Encontré, en el suplemento semanal de un periódico, un reportaje interesante sobre los trastornos obsesivos compulsivos, derivados de las manías y las obsesiones. Una de cada tres personas está atrapada por una obsesión. Si el tic se vuelve enfermizo y llega a afectar a la salud, entonces estamos en el trastorno obsesivo de marras. Cito algunos ejemplos, casi al pie de la letra: comprobar una y otra vez si hemos apagado el gas, registrar el contenido de cada maleta antes de emprender un viaje largo, sumar los números de las matrículas de los coches (esta la padecí en la infancia, y puedo asegurar que es una tortura; ignoro cómo me curé). Hay más, y el lector los entenderá mejor con ejemplos cinematográficos.
En “Mejor… imposible”, su protagonista se lavaba cuarenta veces al día las manos, evitaba pisar las líneas del embaldosado de las aceras y de los dibujos del suelo, lo cual convertía sus caminatas en ejercicios dignos de un bailarín ebrio, pero también usaba cubiertos de plástico para no comer en los restaurantes con los tenedores y cucharas que otros habían tocado e introducido en sus bocas; la película, que abarcaba más comportamientos obsesivos, es un catálogo muy aproximado de casi todos los tipos de trastorno. En “El aviador”, el personaje principal utilizaba pañuelos para tocar los objetos y, sobre todo, los pomos de las puertas, evitando siempre darle la mano a alguien o beber en los recipientes de los que otros habían bebido, por temor a contagiarse de enfermedades. Basten estos dos ejemplos para ilustrar por dónde van los tiros. Las manías no presentan ningún problema salvo que atenten contra nuestra salud. Entonces requerirían de cura. Lo mejor, leído ese reportaje, es hacer un poco de auto-análisis. No hay mejor manera para saber conocerse e incluso para reírse de uno mismo. Así que haré un repaso por costumbres de maniático. Según el reportaje, los casos más frecuentes de “pensamientos recurrentes y actos repetitivos” son: mental, simétrico, higiénico, indeciso, sexual, coleccionista, etcétera.
Debo decir que mis manías, por ahora, jamás han afectado a mi salud. Quizá en el trato con las personas más allegadas a mi entorno, que en ocasiones me miran como a un marciano. De niño, ya digo, padecí la tortura de sumar las cifras de las matrículas. Otro de mis actos repetitivos es el relativo a la higiene. La de las manos, principalmente.

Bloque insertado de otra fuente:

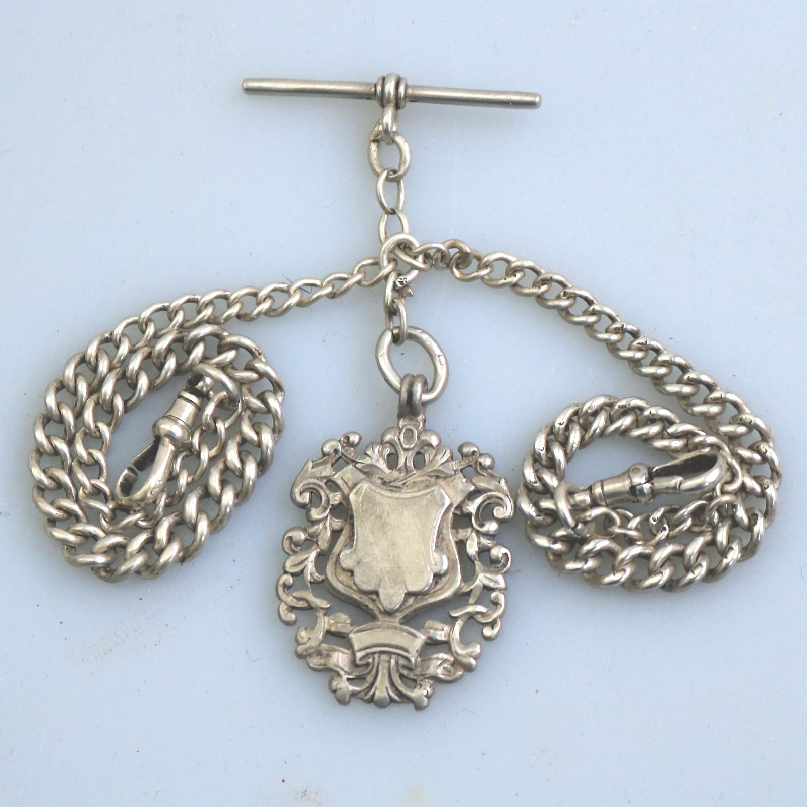 Solid Silver Graduating Double Watch Albert / Albertina 29g c.1924

En torno a la hora de comer puedo lavarme las manos con jabón unas tres o cuatro veces: unos segundos antes de sentarme a la mesa, después de terminar el primer plato, al acabar el postre y tras recoger la mesa. En los restaurantes suelo sufrir mucho, ya que es de mala educación levantarse tanto, y no estoy satisfecho hasta que por fin escapo a los lavabos y me doy agua y jabón. Pero la simétrica es aún peor. Sólo atañe a algunos objetos personales: los libros, las pantuflas, las películas, el entramado del ordenador. Cuando un obrero repara algo en casa, y pasa cerca de los libros, me desespero en silencio. En cuanto se ha ido, registro los ejemplares que rozó al pasar, y, si ha movido alguno un centímetro, lo devuelvo a su sitio. Casi a diario compruebo que los altavoces que flanquean al monitor estén colocados de forma simétrica respecto a la pantalla. Si alguien mueve el teclado, la alfombrilla del ratón o mis pantuflas puestas una al lado de otra, no descanso hasta retornarlas a su posición original. Una vez un amigo me movió la pantalla del ordenador y con rapidez la volví a colocar como estaba. “Qué maniático eres”, dijo. Nada malo, ya ven, pero puede ir a peor. Los maniáticos somos legión. Y ahora le invito a que se analice a sí mismo.